Answer
The expression can be expressed as $2{{x}^{2}}\ -\ x\ -\ 3\ +\ \frac{x\ +\ 1}{3{{x}^{2}}\ -\ 1}$
Work Step by Step
The divisor is $3{{x}^{2}}\ -\ 1$ and in synthetic division, the divisor should be in $x\ -\ c$ form.
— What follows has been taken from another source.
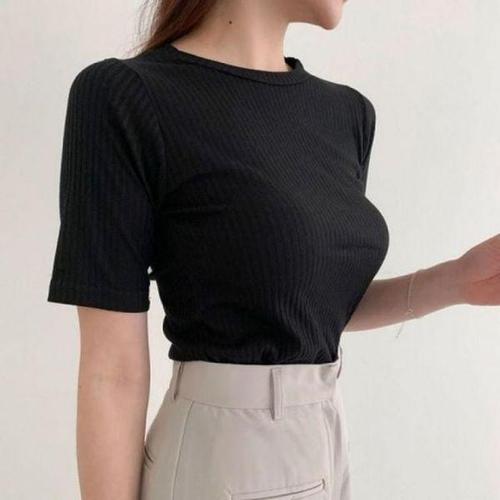 [에이치플러스몰]여성 여름 데일리 골지 U넥 클래식 기본 티셔츠 반팔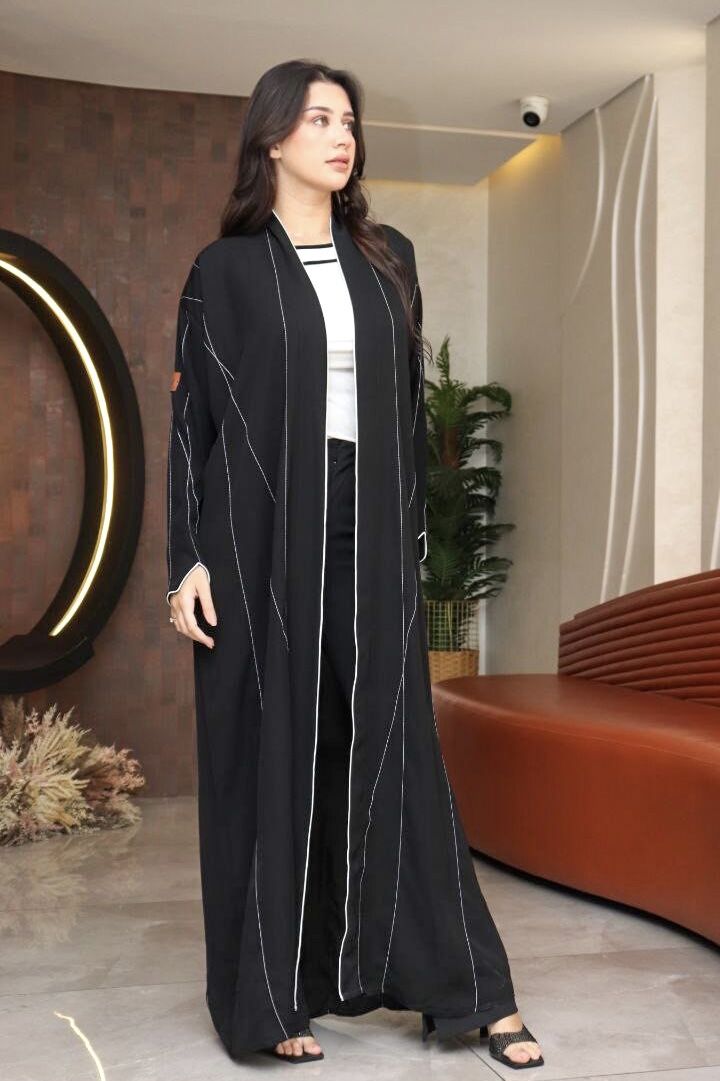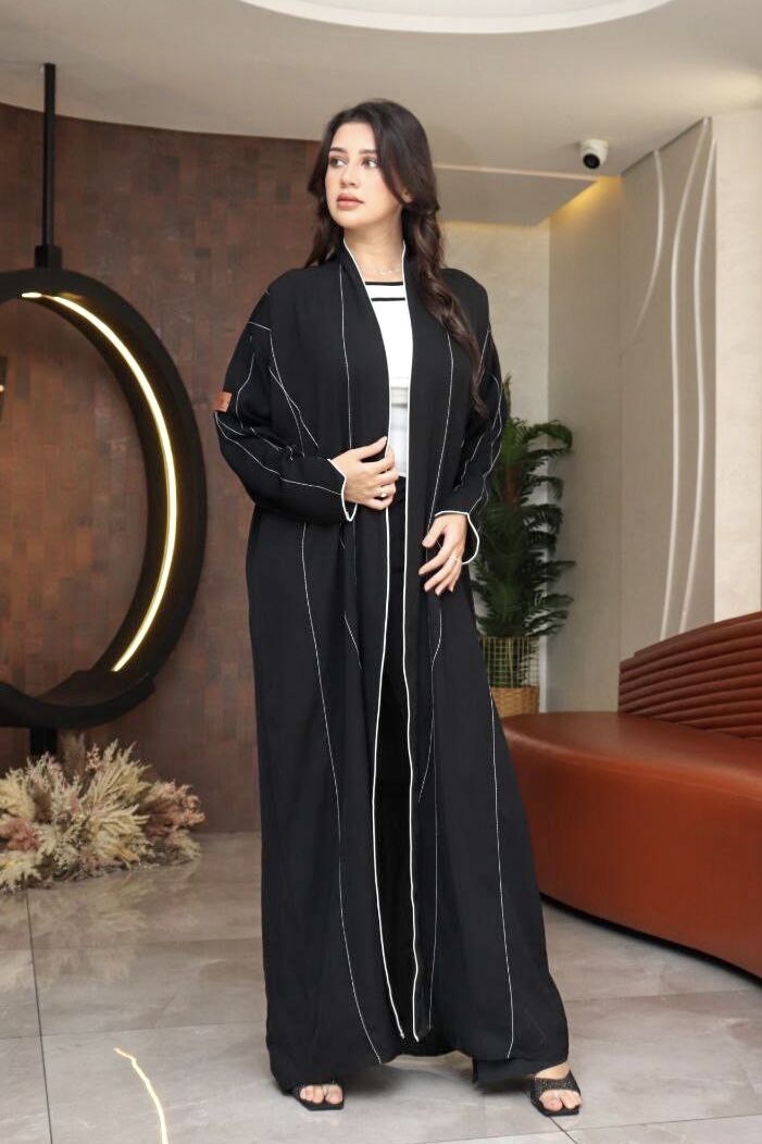 نقدم عبايه اسود ناعمه ومريح جدا المتميز بأسلوبها الرائع والأنيق، والتي تتميز بأكمام مصفوطه ودقه خياطه بلون الابيض وقصه مفتوحه ، تراعي هذه العباية الذوق والأصالة، لأنها تلبي احتياجات المرأة المحتشمة التي تحرص على تميزها وخروجها بأناقة فريدة ، كما يمكنكِ الحصول على هذه العباية بسعر جذاب ومناسب للغاية ،

Therefore, it is not possible to perform the given division by synthetic division; instead, long division would be used as below:
$3{{x}^{2}}-\ 1\ \overset{2{{x}^{2}}\ -\ x\ -\ 3}{\overline{\left){\begin{align}
& 6{{x}^{4}}\ -\ 3{{x}^{3}}\ -\ 11{{x}^{2}}\ +\ 2x\ +\ 4 \\
& 6{{x}^{4}}\text{ }-\ 2{{x}^{2}} \\
& -\text{ }+ \\
& \overline{\begin{align}
& \text{ }-\ 3{{x}^{3}}\ -\ 9{{x}^{2}}\ +\ 2x \\
& \text{ }-\ 3{{x}^{3}}\text{ }+\ x \\
\end{align}} \\
& \text{ + }- \\
& \overline{\begin{align}
& \text{ }-\ 9{{x}^{2}}\ +\ x\ +\ 4 \\
& \text{ }-\ 9{{x}^{2}}\text{ }+\ 3 \\
& \text{ }+\text{ }- \\
& \overline{\text{ }x\ \ +\ 1} \\
\end{align}} \\
\end{align}}\right.}}$
The quotient is $2{{x}^{2}}\ -\ x\ -\ 3$ , divisor is $3{{x}^{2}}\ -\ 1$ , and the remainder is $x\ +\ 1$.
Hence, $\frac{6{{x}^{4}}\ -\ 3{{x}^{3}}\ -\ 11{{x}^{2}}\ +\ 2x\ +\ 4}{3{{x}^{2}}\ -\ 1}$ can be written as $2{{x}^{2}}\ -\ x\ -\ 3\ +\ \frac{x\ +\ 1}{3{{x}^{2}}\ -\ 1}$.
Thus, the simplified form of $\frac{6{{x}^{4}}\ -\ 3{{x}^{3}}\ -\ 11{{x}^{2}}\ +\,2x\ +\ 4}{3{{x}^{2}}\ -\ 1}$ is $2{{x}^{2}}\ -\ x\ -\ 3\ +\ \frac{x\ +\ 1}{3{{x}^{2}}\ -\ 1}$.